*** Opening of Recorded data ***

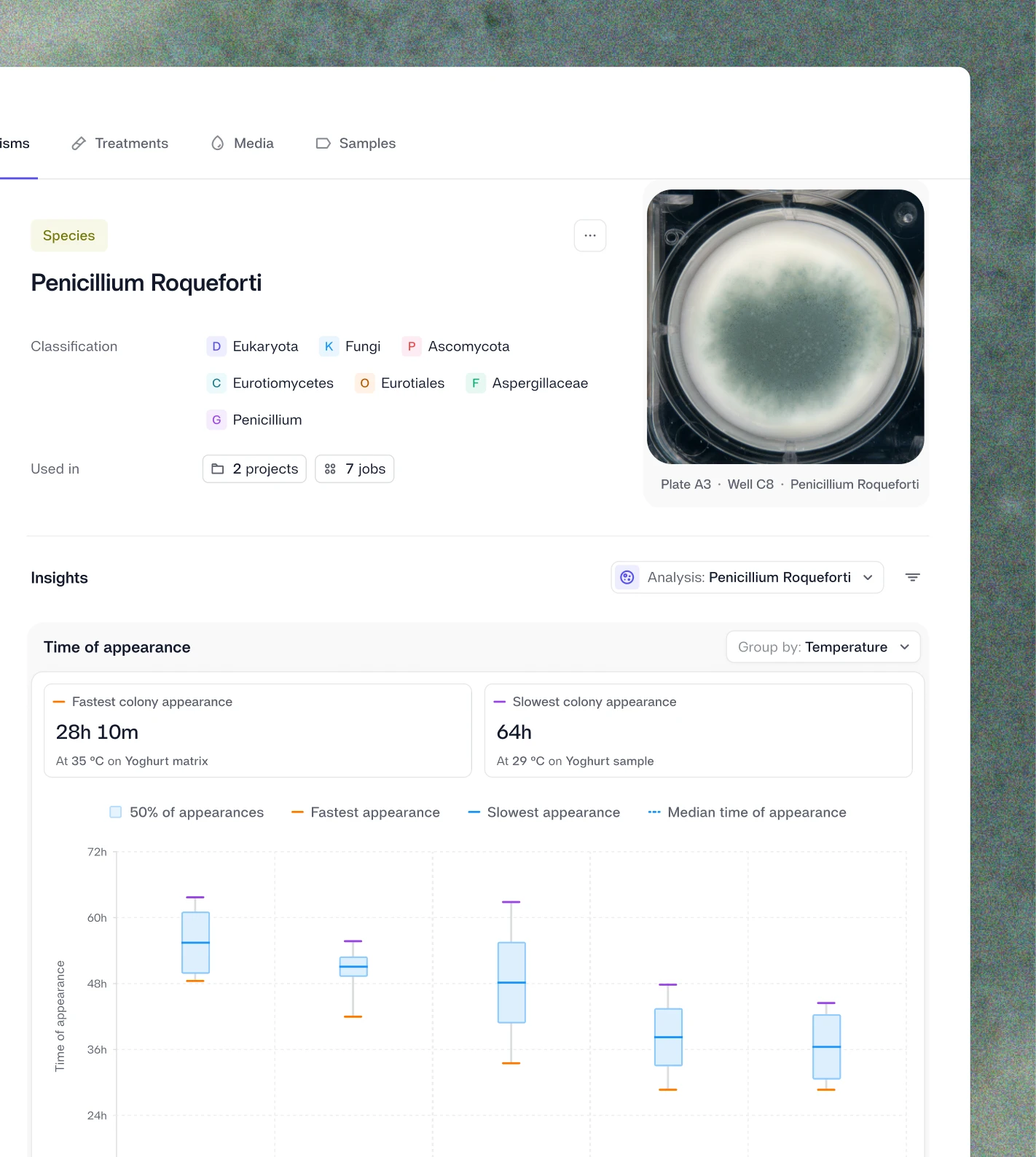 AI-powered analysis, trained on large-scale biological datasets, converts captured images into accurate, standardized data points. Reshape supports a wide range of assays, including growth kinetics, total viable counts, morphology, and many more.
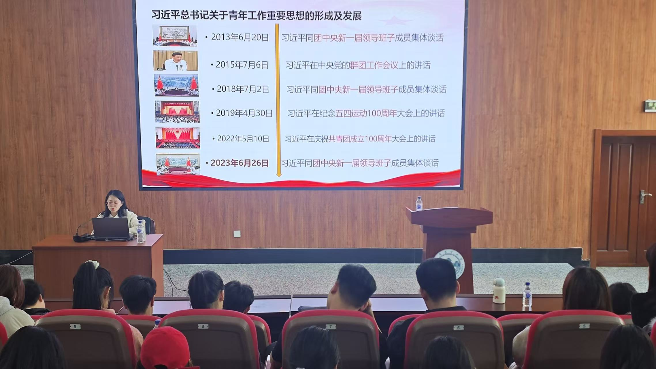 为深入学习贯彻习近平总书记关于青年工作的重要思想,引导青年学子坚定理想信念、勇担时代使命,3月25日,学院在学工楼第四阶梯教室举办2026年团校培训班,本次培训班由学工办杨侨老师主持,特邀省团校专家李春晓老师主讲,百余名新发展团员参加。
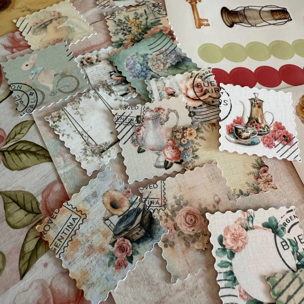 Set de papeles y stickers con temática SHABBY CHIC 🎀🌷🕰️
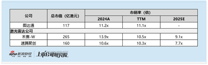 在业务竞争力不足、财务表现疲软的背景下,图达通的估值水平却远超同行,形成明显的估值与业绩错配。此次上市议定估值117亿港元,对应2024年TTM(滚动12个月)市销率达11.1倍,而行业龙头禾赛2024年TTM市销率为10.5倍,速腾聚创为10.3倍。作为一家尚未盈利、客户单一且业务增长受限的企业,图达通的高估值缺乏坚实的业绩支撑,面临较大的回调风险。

*** Close of Recorded data ***

▸ **About this task**: Please retype the whole listing above exactly, without any of its images.

▸ **Your response**:
 AI-powered analysis, trained on large-scale biological datasets, converts captured images into accurate, standardized data points. Reshape supports a wide range of assays, including growth kinetics, total viable counts, morphology, and many more.
 为深入学习贯彻习近平总书记关于青年工作的重要思想,引导青年学子坚定理想信念、勇担时代使命,3月25日,学院在学工楼第四阶梯教室举办2026年团校培训班,本次培训班由学工办杨侨老师主持,特邀省团校专家李春晓老师主讲,百余名新发展团员参加。
 Set de papeles y stickers con temática SHABBY CHIC 🎀🌷🕰️
 在业务竞争力不足、财务表现疲软的背景下,图达通的估值水平却远超同行,形成明显的估值与业绩错配。此次上市议定估值117亿港元,对应2024年TTM(滚动12个月)市销率达11.1倍,而行业龙头禾赛2024年TTM市销率为10.5倍,速腾聚创为10.3倍。作为一家尚未盈利、客户单一且业务增长受限的企业,图达通的高估值缺乏坚实的业绩支撑,面临较大的回调风险。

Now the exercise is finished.